The British Are Offended By The DUP Anti-Abortion Stance. But Not By Its Sectarianism

It seems that the steady normalisation of the Democratic Unionist Party in the mainstream of British politics has come to yet another juddering halt, as politicians and journalists in Britain are confronted once again by the group’s fundamentalist origins and beliefs. In the wake of Ireland’s historic referendum vote to remove a controversial anti-choice amendment from the constitution, with the promise of abortion legislation to follow, pressure has piled on the DUP to drop its opposition to the provision of similar services in the United Kingdom’s legacy territory in the north-east of the island. So far, the ultra-right party has set its face against any move by the authorities in London to expand UK-wide abortion laws to the contested region. Consequently prime minister Theresa May and the ruling Conservative Party, whose minority government is reliant on Democratic Unionist votes in parliament to stay in office, has declined to confront the serried ranks of reactionary pro-union opinion in the Six Counties. A body which extends far beyond the Arlene Foster led party.

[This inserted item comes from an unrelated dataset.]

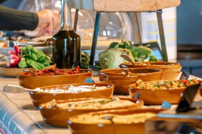 Un mic dejun tip bufet este disponibil zilnic de luni pană vineri, intre orele 07:00 - 11:00, iar sambăta și duminica, intre orele 08:00 - 11:00, la „Restaurant NENI am Prater”. Proprietatea are și un bar.

However, putting the issue of abortion – or even equal marriage – to one side, several other questions arise in relation to the attempted mainstreaming of the Democratic Unionists in Britain. In any civilized society one would have thought that the continuing willingness of the DUP to act as the de facto political wing of various pro-British or loyalist terror gangs in the north of Ireland would have disqualified it from a place in conventional UK politics. Let alone giving it privileged access to the levers of power in Number 10 Downing Street through a grubby, post-election backdoor deal with the Tories in 2017. But far from it, as we know.

While the press in London is focused on the rights of women, the DUP is giving cover to those organised militants from its own community who wish to carve up parts of Belfast into new ethno-national zones. This can be seen in the latest decision by loyalist groups to “only” fly specified British flags in mixed unionist and nationalist neighbourhoods of the city at certain times of the year. The DUP has claimed credit for this “agreement”, where former or current gunmen have agreed with themselves how they should behave, regardless of the wishes of local residents.

For a pro-life party the Democratic Unionists seem remarkably happy to speak on behalf of the still extant merchants of death in the Six Counties who give loyalty to the United Kingdom. And the news media and political establishment in the UK seems remarkably sanguine about this relationship. However, when the liberal touchstone issues of the average Briton are dismissed out of hand by the DUP, it’s then that the British throw up their hands in horror. It’s hard to know which is the more hypocritical.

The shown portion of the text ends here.